Closed victorb closed 6 years ago
we could probably store key/value of repository+commit+platform and status, if it's already successful, just report it's successful again and skip actually running the tests
you'll still rerun the entire thing, but already successful steps would be pretty much instant
@VictorBjelkholm I think this isn't the best path to go forward on, it doesn't scale. Let's say you have one test that fails 30% of times. It's ok, you will have to restart 1 out of 3 times(expected runs till success is 1.5), but then you have a second test like that and then 3rd maybe 4th.
In case of 4, you would expect tests to succeed after 4 tries, and when it is 7, it gets up to 12 tires.
The worst part is if you have many tests that have 1% chance of failure and one frequently failing (30%) the effect compounds.
I would suggest starting to use JUnit exporter as go-ipfs does and track tests that fail most frequently and fixing them.
Random test failures are very problematic as we don't know if CI provides good or bad conditions for them. Maybe in the real world, the conditions are worst than in our CI. Then it is a real issue, not a flaky test yet we are ignoring it.
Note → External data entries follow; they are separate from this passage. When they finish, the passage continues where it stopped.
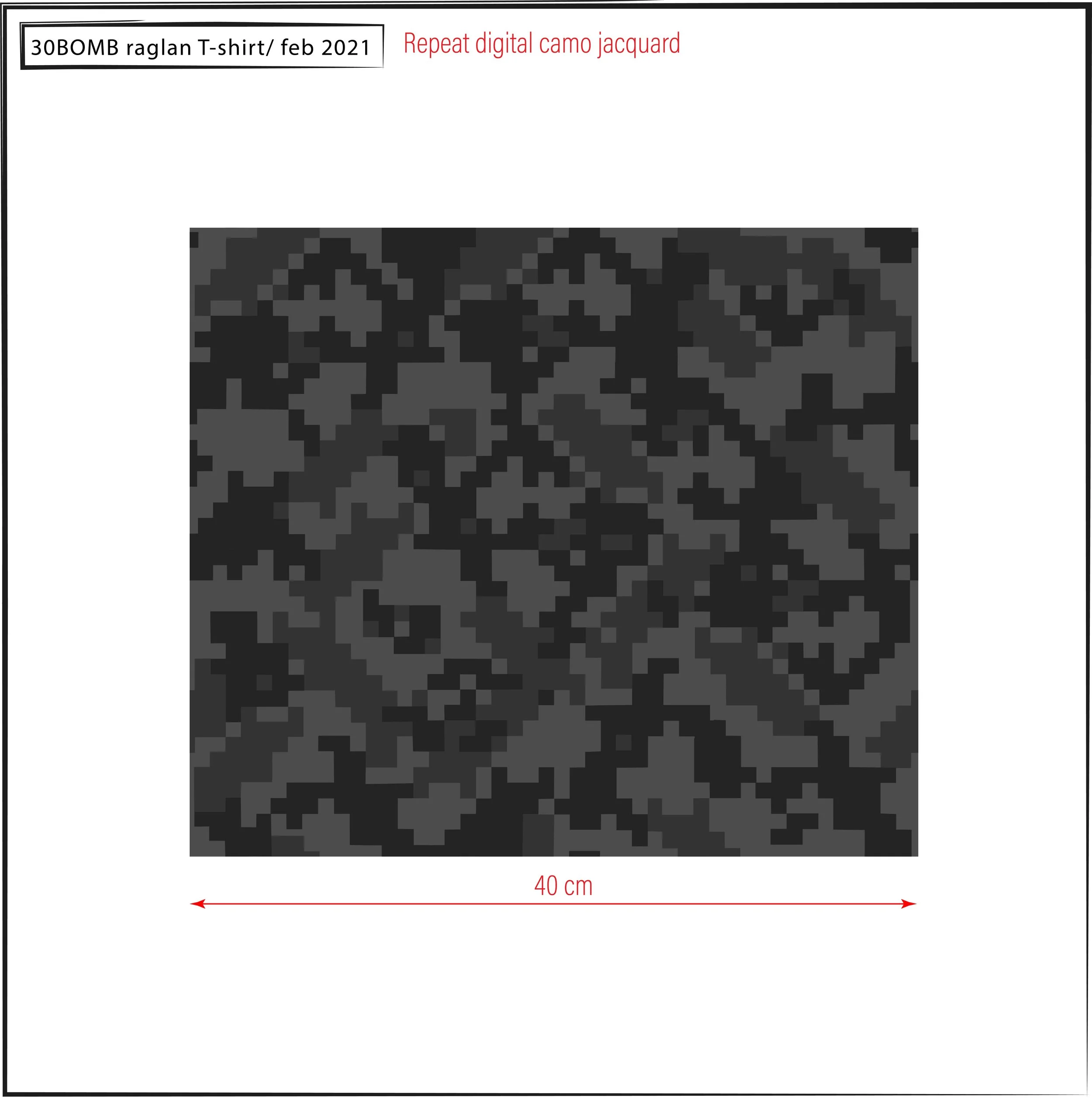 Gray and black digital camouflage pattern on a 40 cm by 40 cm textile sample labeled '30BOMB raglan T-shirt/ feb 2021' with red text 'Repeat digital camo jacquard' at the top right.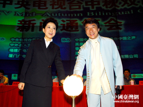 將于10月6日在廈門舉辦的2006年“海峽月 中華情”中央電視臺(tái)中秋雙語(yǔ)晚會(huì),昨天下午在北京中華世紀(jì)壇舉行新聞通氣會(huì)。中央電視臺(tái)、中共福建省委宣傳部、中共廈門市委、廈門市政府的相關(guān)領(lǐng)導(dǎo)出席了發(fā)布會(huì)。國(guó)際影星成龍也到場(chǎng)助陣,與晚會(huì)導(dǎo)演郭霽紅共同揭曉了本次晚會(huì)的吉祥物“團(tuán)圓兔”。
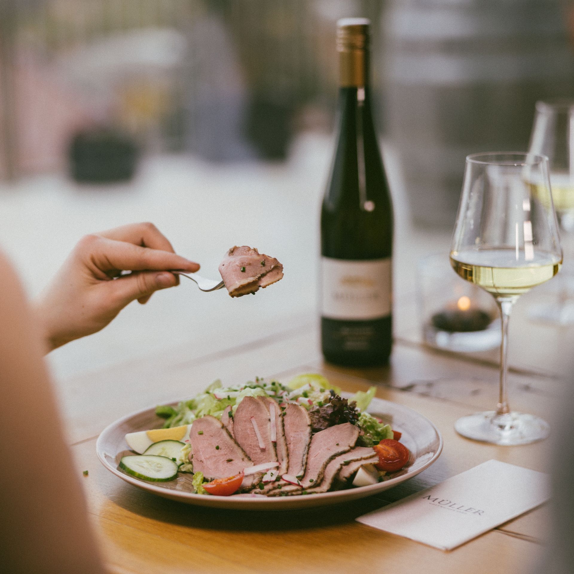 Freuen Sie sich auf eine feine Auswahl klassischer Heurigenspeisen, ergänzt durch besondere Heurigengerichte, die Tradition und modernen Genuss verbinden. Dazu servieren wir Ihnen die gesamte Weinvielfalt des Weinguts Müller, von beliebten Klassikern bis hin zu ausgewählten Top-Weinen mit Jahrgangstiefe.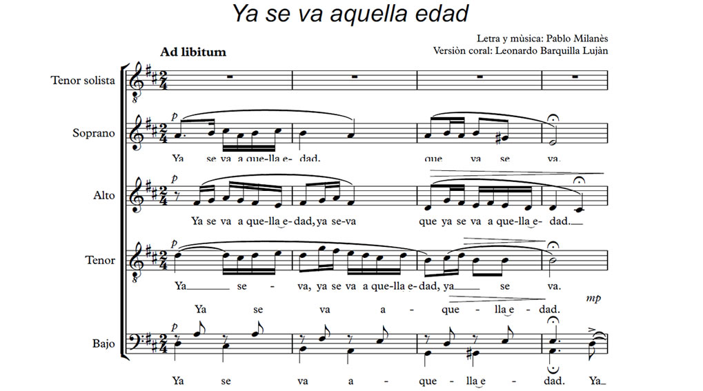 Ya se va aquella edad Anterior Siguiente Favorito Categorías de Archivo: Partituras SATBEtiquetas de Archivo: SATB DescripciónArchivoRetribuir al ArregladorLetra y Música: Pablo Milanés Arreglo Coral: Leonardo Barquilla Luján SATB + Tenor solista. -----------------EmailWhatsAppFacebook 122 Ya_se_va_aquella_edad_SATB.pdf"¿Te gusta y te es útil mi arreglo? Cualquier aporte que puedas hacer seguirá alentando mi labor como arreglador. Muchas Gracias!"

The formula for expected tries is:
1/(P_success)
Thanks for the input @Kubuxu! Solutions mentioned here are more like workarounds rather than proper long-term solutions.
I agree that we should focus on solving the test flakyness. We have some utilities for fixing things, like retrying failing tests up to X times before actually failing the test case.
But, even with that, we can have temporary failures in one platform + version even when tests are not flaky, that a retry for that platform+version would help.
My concern is that we are naturally optimising for a "green CI" metric if something like this was to be implemented fixing flaky tests is outside of the scope of this metric.
This means those tests will linger for a very long time and cause problems.
I hear your concern but our focus is not on green CI but rather passing tests, local and on CI. But there is cases where it's not the tests fault for a failure but rather tooling or something else. This feature would be for those cases.
This issue was moved to ipfs/testing#103
If you have a job that tests on many versions and OSes, while only one of them fail, you need to retry the entire job. Instead, we should have a parameter that can used to just select one of the versions and retry just that part in a new job.